--- START ---
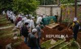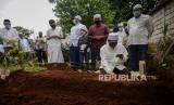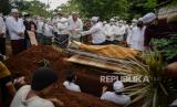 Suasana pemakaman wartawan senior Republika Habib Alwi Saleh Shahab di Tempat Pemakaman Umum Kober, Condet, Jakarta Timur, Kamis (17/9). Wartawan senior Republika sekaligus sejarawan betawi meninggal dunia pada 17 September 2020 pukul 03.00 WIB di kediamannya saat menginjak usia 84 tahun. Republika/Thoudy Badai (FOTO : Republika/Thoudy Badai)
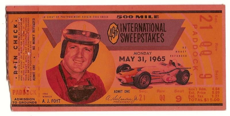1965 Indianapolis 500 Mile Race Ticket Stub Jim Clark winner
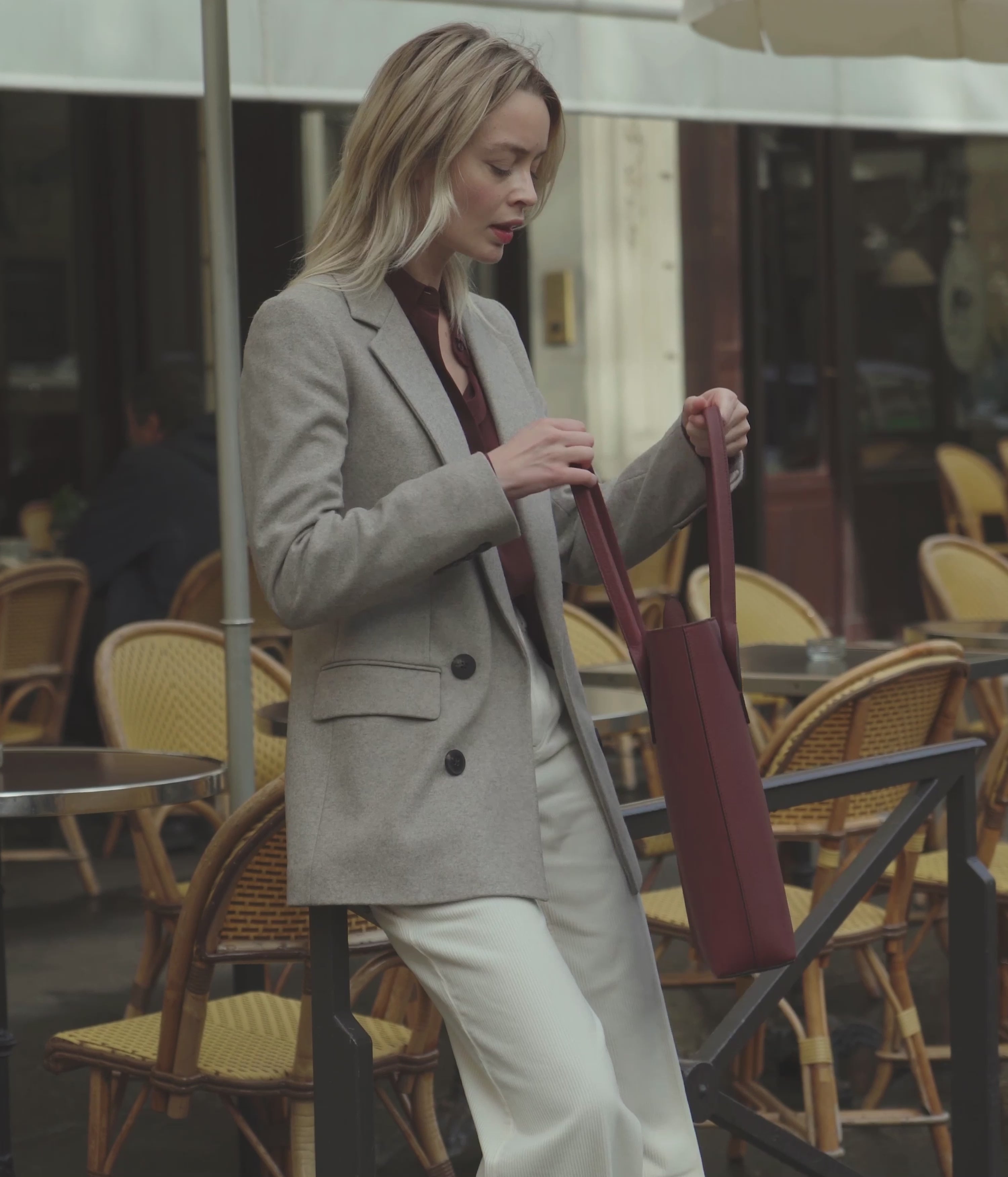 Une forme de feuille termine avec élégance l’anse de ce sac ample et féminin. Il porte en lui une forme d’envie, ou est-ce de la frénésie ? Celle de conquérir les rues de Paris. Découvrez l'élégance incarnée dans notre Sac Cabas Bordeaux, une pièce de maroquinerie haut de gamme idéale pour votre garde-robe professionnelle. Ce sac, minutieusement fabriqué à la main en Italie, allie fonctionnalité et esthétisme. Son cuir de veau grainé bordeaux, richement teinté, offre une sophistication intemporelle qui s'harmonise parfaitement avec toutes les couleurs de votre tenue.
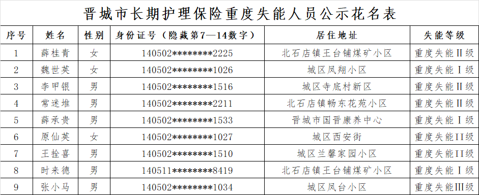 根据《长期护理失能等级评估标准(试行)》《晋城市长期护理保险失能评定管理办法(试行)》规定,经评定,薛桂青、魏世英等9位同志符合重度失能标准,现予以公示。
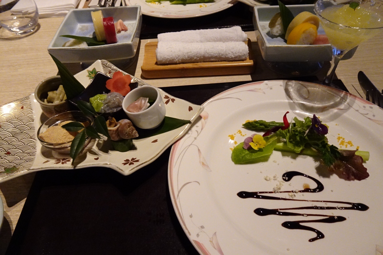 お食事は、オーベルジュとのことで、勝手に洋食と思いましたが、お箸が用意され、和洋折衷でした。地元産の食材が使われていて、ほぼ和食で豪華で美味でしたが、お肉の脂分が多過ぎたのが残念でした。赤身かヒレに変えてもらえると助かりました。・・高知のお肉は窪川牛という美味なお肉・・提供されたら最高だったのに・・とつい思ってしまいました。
--- END ---
(Work to be completed): Please write out the lines above, beginning at the line with "根据《长期护理失能等级评估标" and ending at the last line of the records, exactly as they appear and without pictures.

(Task solution):
 根据《长期护理失能等级评估标准(试行)》《晋城市长期护理保险失能评定管理办法(试行)》规定,经评定,薛桂青、魏世英等9位同志符合重度失能标准,现予以公示。
 お食事は、オーベルジュとのことで、勝手に洋食と思いましたが、お箸が用意され、和洋折衷でした。地元産の食材が使われていて、ほぼ和食で豪華で美味でしたが、お肉の脂分が多過ぎたのが残念でした。赤身かヒレに変えてもらえると助かりました。・・高知のお肉は窪川牛という美味なお肉・・提供されたら最高だったのに・・とつい思ってしまいました。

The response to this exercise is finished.